O pobre, o intelectual e o rico são seres estruturados de carne, osso e mente, submetidos às mesmas leis da natureza, todos com os mesmos atributos naturais: pensamento, sentimento, vontade, linguagem e movimento; com as mesmas necessidades naturais: ar, água, alimento, abrigo e amor; com a mesma fisiologia, apesar de alguma diferença na qualidade das substâncias ingeridas e expelidas. O pobre tem consciência social, moral e espiritual. O menos pobre discrimina o mais pobre, assim como o negro mais claro discrimina o negro mais escuro. Para o pobre, riqueza material superior às necessidades e às utilidades básicas é remota possibilidade, aspiração que a loteria pode concretizar. No entanto, para o rico, a riqueza material é uma obsessão e opressiva realidade. A desonestidade do pobre é condenada; a do rico, elogiada. A crença religiosa escraviza mais o pobre do que o rico. O senso de justiça e o senso ético são mais agudos no pobre do que no rico. Mais do que o rico, o pobre valoriza a verdade, a honestidade, a bondade e a piedade (ainda quando não as pratica). Talvez por isto, Jesus, o Cristo, tenha dito que era mais fácil uma corda passar pelo buraco da agulha do que um rico entrar no reino de deus. O pobre educa os filhos dentro dos preceitos éticos e religiosos com mais rigor do que o rico. As convenções sociais impressionam mais o pobre do que o rico. O pobre aprecia muito ser visto e respeitado como pessoa e como cidadão.

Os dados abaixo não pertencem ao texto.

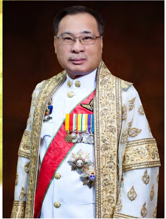
นายสมศักดิ์ เกียรติสุรนนท์ ประธานรัฐสภา

เนื่อง ในโอกาสมหามงคลเฉลิมพระชนมพรรษา ๗ รอบ ๕ ธันวาคม ๒๕๕๔ รัฐสภาในฐานะสถาบันนิติบัญญัติของชาติ ซึ่งทำหน้าที่ในการตรากฎหมายเพื่อนำมาใช้ในการปกครองประเทศและอำนาจหน้าที่ในการควบคุมการบริหารราชการแผ่นดินของคณะรัฐมนตรี ให้เป็นไปตามนโยบายที่ได้แถลงไว้ต่อรัฐสภา และในฐานะองค์กรที่ได้รับฉันทานุมัติให้เป็นผู้แทนของปวงชนชาวไทย ล้วนสำนึกในพระมหากรุณาธิคุณที่ทรงบำเพ็ญพระราชกรณียกิจต่าง ๆ ที่ล้วนก่อให้เกิดคุณประโยชน์ต่อและประชาชนในทุกด้านอย่างเหลือคณานับ รัฐธรรมนูญแห่งราชอาณาจักรไทยได้กำหนดให้ประเทศไทยมีการปกครองระบอบประชาธิปไตยอันมีพระมหากษัตริย์ทรงเป็นประมุขและกำหนดให้อำนาจอธิปไตยเป็นของปวงชนชาวไทยพระมหากษัตริย์ทรงเป็นประมุขทรงใช้อำนาจนั้นทางรัฐสภา คณะรัฐมนตรี และศาลตามบทบัญญัติแห่งรัฐธรรมนูญ พระบาทสมเด็จพระ

A cidadania do pobre ampliou-se a partir dos séculos XVIII (revolução francesa) e XIX (revolução industrial) na Europa e na América. Contribuíram para essa expansão: o alargamento do espaço da liberdade e da igualdade, a organização dos trabalhadores em sindicatos, a conquista dos direitos trabalhistas, a formação de partidos de esquerda, a multiplicação dos meios de comunicação, a reorientação e o apoio da igreja católica. Os comerciantes e os industriais também se organizaram. Apegados ao seu capital e ao seu lucro, eles resistem com firmeza e persistência ao avanço dos direitos dos trabalhadores e à melhoria do padrão de vida dos pobres. No confronto com os trabalhadores, os empresários recebem apoio dos poderes do estado. As corporações da indústria, do comércio, da agricultura, ditam a política econômica e social aos legisladores, administradores e juízes, o que gera insegurança à classe trabalhadora e vantagem à classe empresarial.
Máxima dos donos do poder (banqueiros, empresários urbanos e rurais, barões do império da comunicação): “Para nós, tudo de bom; para os pobres, as migalhas”.   
Máxima da massa popular (pobres e trabalhadores): “Para nós, bem-estar, dignidade e felicidade; para a elite, o luxo”.